SUPPLIED DATA:
*****
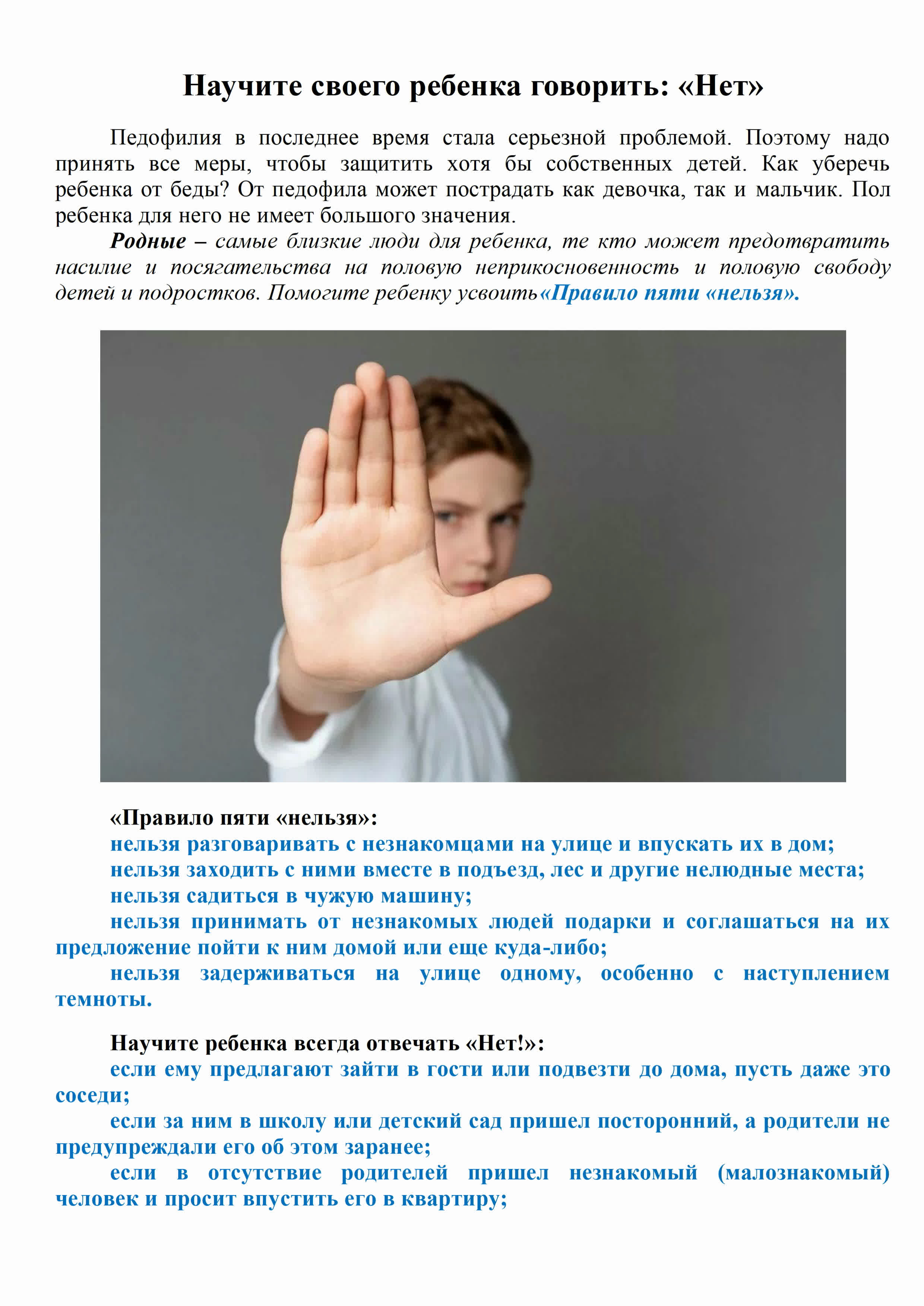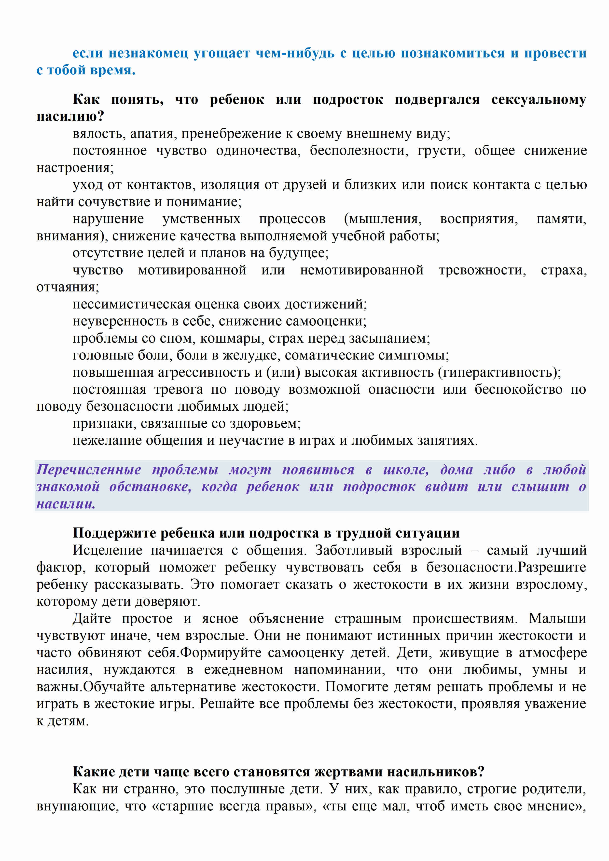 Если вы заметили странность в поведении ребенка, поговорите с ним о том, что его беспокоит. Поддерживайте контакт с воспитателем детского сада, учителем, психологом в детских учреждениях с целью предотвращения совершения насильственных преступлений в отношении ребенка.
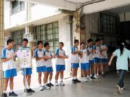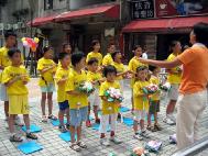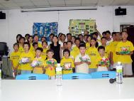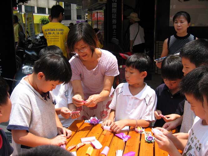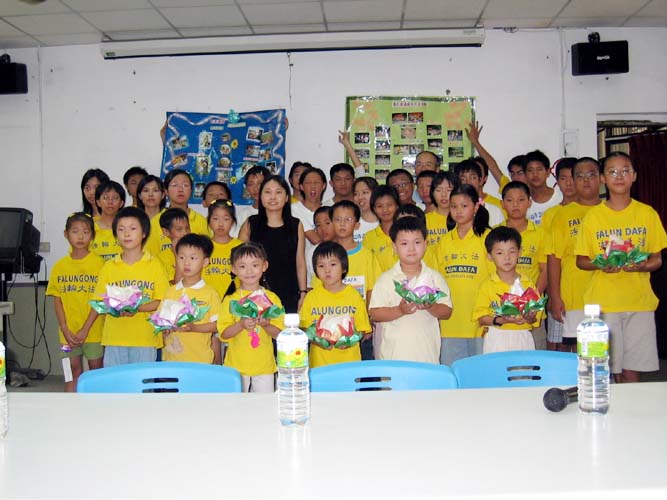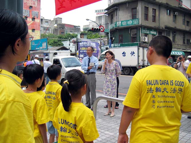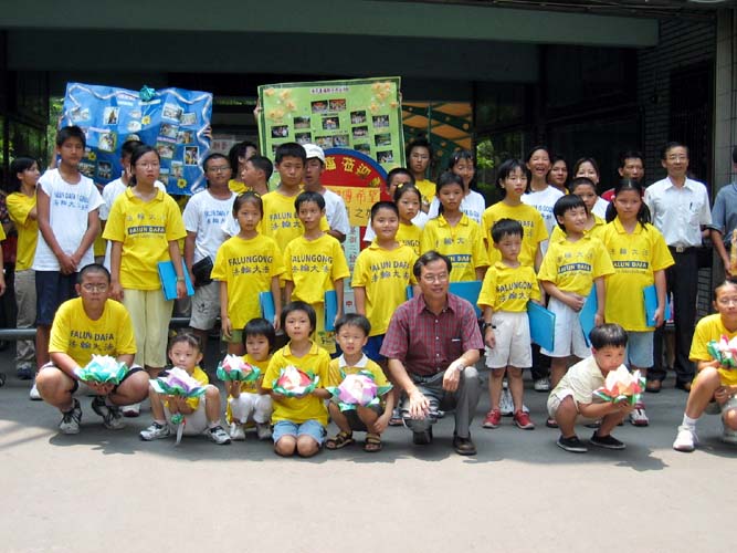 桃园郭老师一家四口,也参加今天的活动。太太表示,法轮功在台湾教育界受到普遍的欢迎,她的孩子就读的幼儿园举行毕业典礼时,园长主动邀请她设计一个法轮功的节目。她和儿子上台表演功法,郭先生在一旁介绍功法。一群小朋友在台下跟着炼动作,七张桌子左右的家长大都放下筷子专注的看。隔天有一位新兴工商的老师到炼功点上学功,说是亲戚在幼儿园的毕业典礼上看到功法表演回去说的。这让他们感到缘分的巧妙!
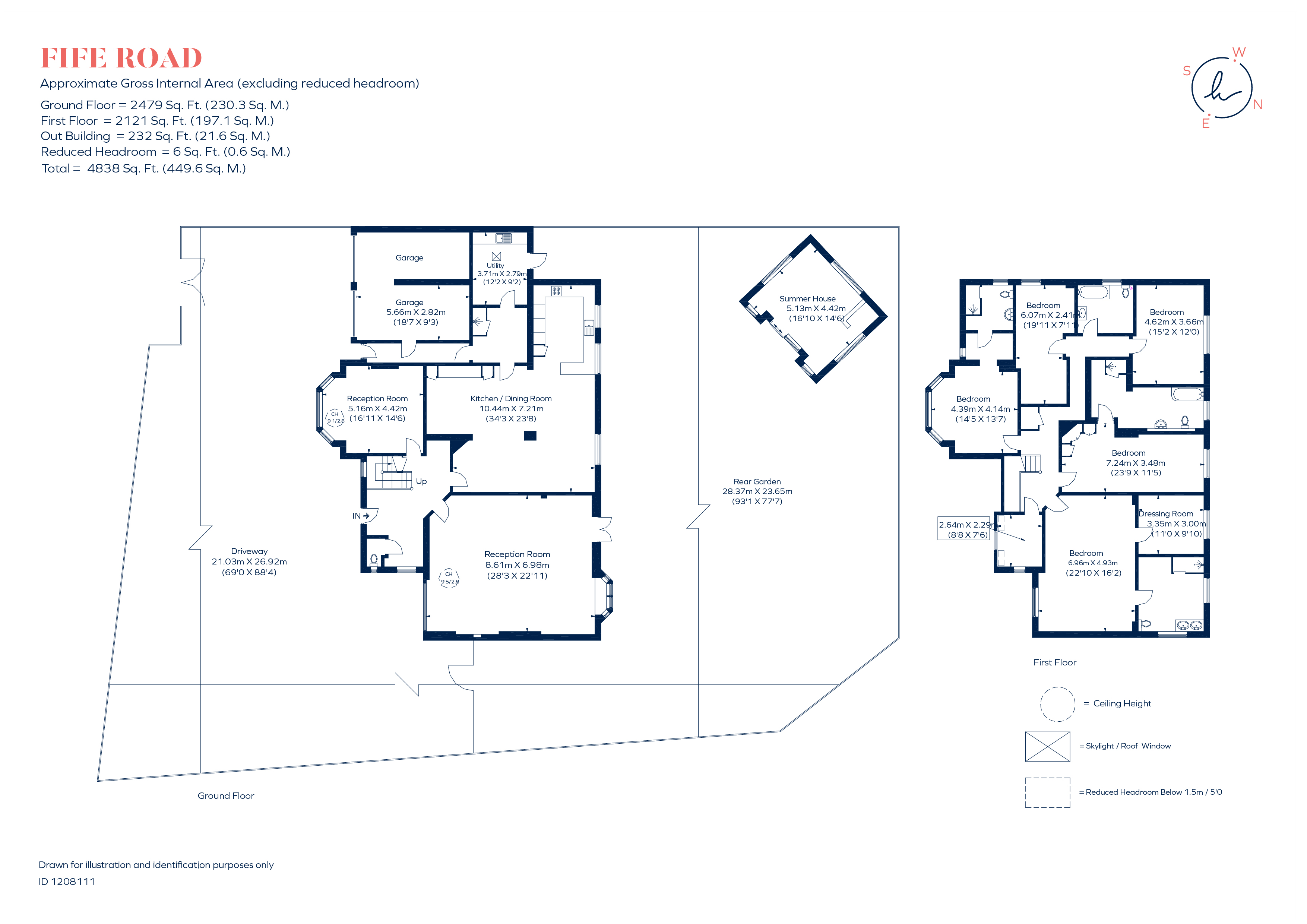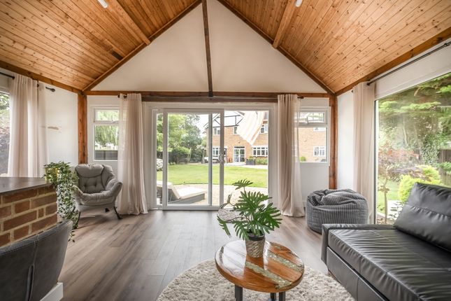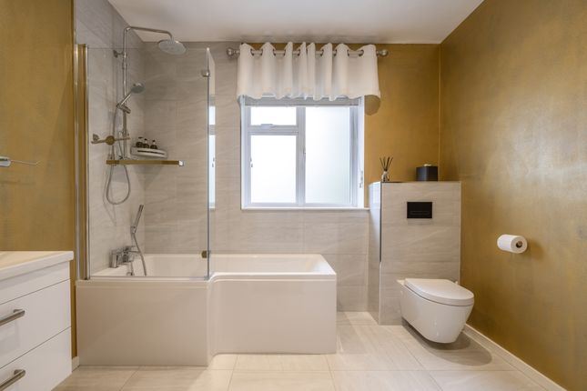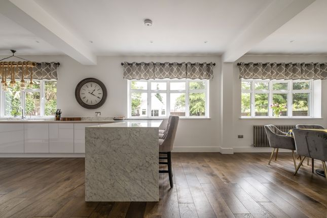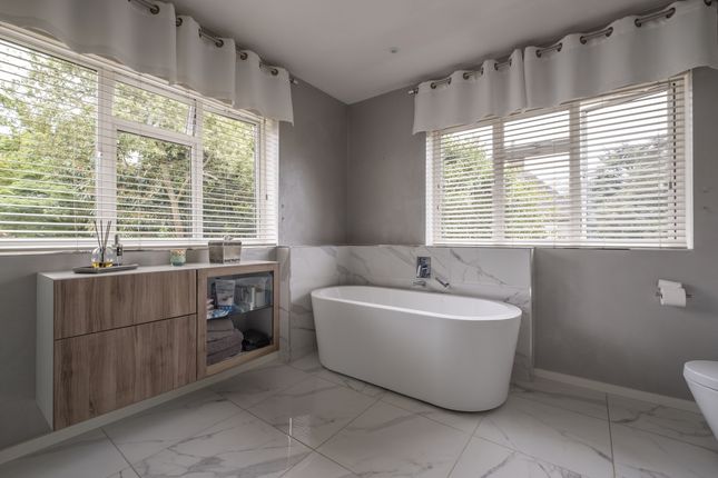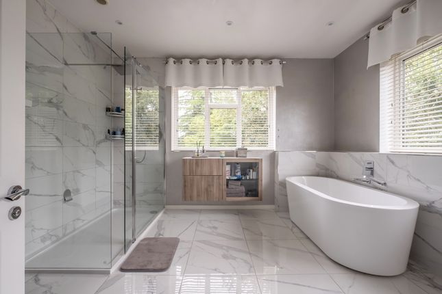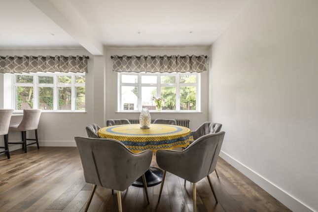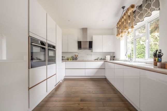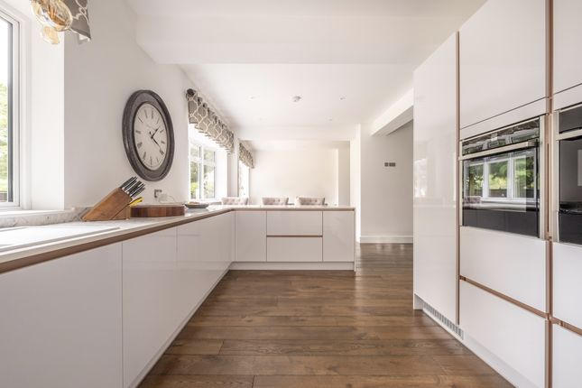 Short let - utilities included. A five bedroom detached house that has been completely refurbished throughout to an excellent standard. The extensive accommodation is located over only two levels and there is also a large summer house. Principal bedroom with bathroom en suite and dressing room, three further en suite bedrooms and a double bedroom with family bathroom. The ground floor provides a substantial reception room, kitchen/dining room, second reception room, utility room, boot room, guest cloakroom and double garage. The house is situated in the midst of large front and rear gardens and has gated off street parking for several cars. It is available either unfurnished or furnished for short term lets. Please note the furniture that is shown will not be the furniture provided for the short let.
*****
WORK INSTRUCTIONS: Only the pictures are to be left out; print everything else in the listing exactly.

REPLY TO THE EXERCISE:
 Если вы заметили странность в поведении ребенка, поговорите с ним о том, что его беспокоит. Поддерживайте контакт с воспитателем детского сада, учителем, психологом в детских учреждениях с целью предотвращения совершения насильственных преступлений в отношении ребенка.
 桃园郭老师一家四口,也参加今天的活动。太太表示,法轮功在台湾教育界受到普遍的欢迎,她的孩子就读的幼儿园举行毕业典礼时,园长主动邀请她设计一个法轮功的节目。她和儿子上台表演功法,郭先生在一旁介绍功法。一群小朋友在台下跟着炼动作,七张桌子左右的家长大都放下筷子专注的看。隔天有一位新兴工商的老师到炼功点上学功,说是亲戚在幼儿园的毕业典礼上看到功法表演回去说的。这让他们感到缘分的巧妙!
 Short let - utilities included. A five bedroom detached house that has been completely refurbished throughout to an excellent standard. The extensive accommodation is located over only two levels and there is also a large summer house. Principal bedroom with bathroom en suite and dressing room, three further en suite bedrooms and a double bedroom with family bathroom. The ground floor provides a substantial reception room, kitchen/dining room, second reception room, utility room, boot room, guest cloakroom and double garage. The house is situated in the midst of large front and rear gardens and has gated off street parking for several cars. It is available either unfurnished or furnished for short term lets. Please note the furniture that is shown will not be the furniture provided for the short let.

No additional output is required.